Abstract
Childhood obesity is manifested when there develops a discrepancy between intake and output of energy, disturbing the original steady state and formation of a fresh steady state at a higher level, resulting in increased body-fat storage. There needs to be a delicate balance established between tissue synthesis (height gain) and fat storage (mass gain) in order to prevent obesity. Various definitions of childhood obesity have been proposed. During 1995-2001, Poskitt, representing European Childhood Obesity Group (ECOG), tried to deal with this issue.
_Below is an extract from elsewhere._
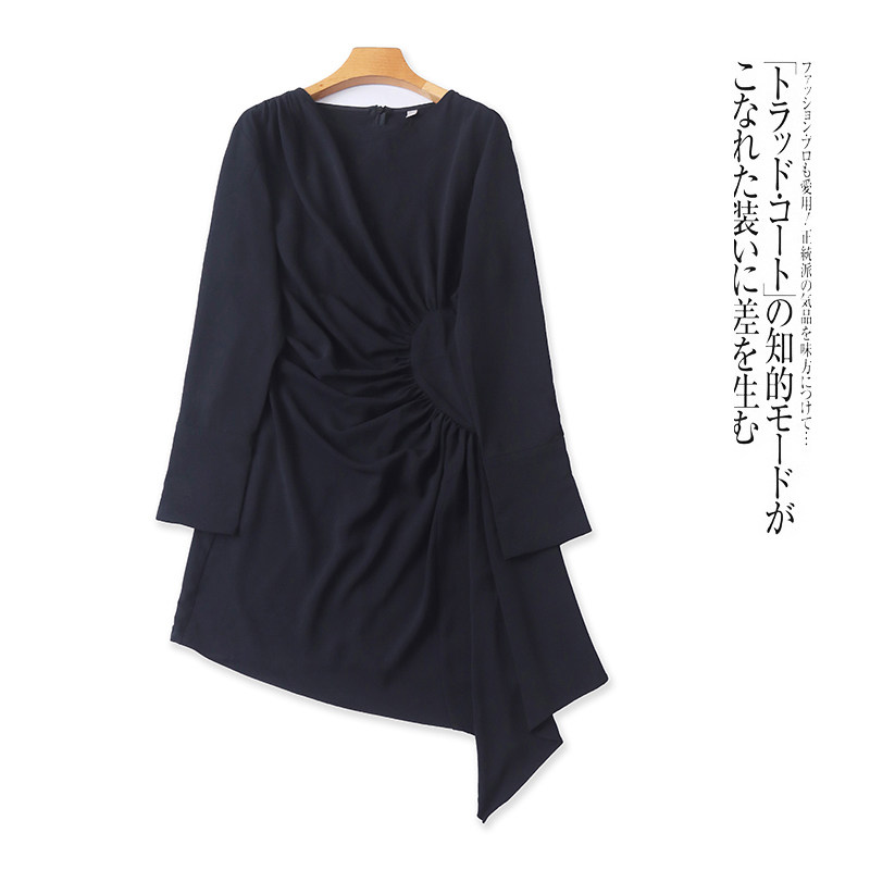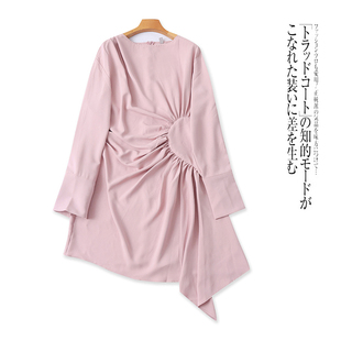 圆领收腰气质通勤风洋气中长裙 连衣裙新款 外贸欧美单时尚 女士长袖

In a 1995 paper, she expressed concern over lack of childhood-obesity definition. In 2000, she mentioned that the concept of relative body-mass index (BMI) had been generally accepted. In 2001, she observed that BMI could not be considered as offering the ‘best’ definition, although it might be ‘useful’ and ‘practical’. In 2000 Cole and co-workers linked childhood obesity to adult-obesity-cutoff point (BMI 30 kg/m 2 ). In a 2010 paper, Flegal and co-workers gave 3 BMI-for-age categories: ‘normal’, ‘intermediate’ and ‘high’. The first one most unlikely, whereas the last one most likely, to have high adiposity. In a 2011 paper, Rolland-Cachera and coworkers, on behalf of ECOG, defined 3 cutoffs of BMI, constituting four ranges: ‘thin’, ‘normal’, ‘overweight’ and ‘obese’. During the same year, Zhao and Grant defined obesity as excess of body fat. In a 2015 paper, Al-Gindan and coworkers expressed the opinion that most national-survey analyses equating BMI in excess of 30 kg/m 2with ‘obesity’ led to survey-data misinterpretation. This paper puts forward the point-of-view that ‘overweight’ must be differentiated from ‘overfat’. One needs a definition based, solely, on measurement of mass, not measurement of fat, which is difficult to obtain in a reproducible manner. Childhood obesity has been defined as the condition in which a youngster is required to shed off net mass at the end of 6-month period as compared to current mass based on ‘Growth-and-Obesity VectorRoadmap’ recommendations. In this work, ‘BMI-based-optimal mass’ is compared with ‘height-percentile-based-optimal mass’ and mathematical relationship is proposed for losing net mass within the next 6 months.

Syed Arif Kamal. (2017) IN SEARCH OF A DEFINITION OF CHILDHOOD OBESITY , , Volume 14, Issue 1.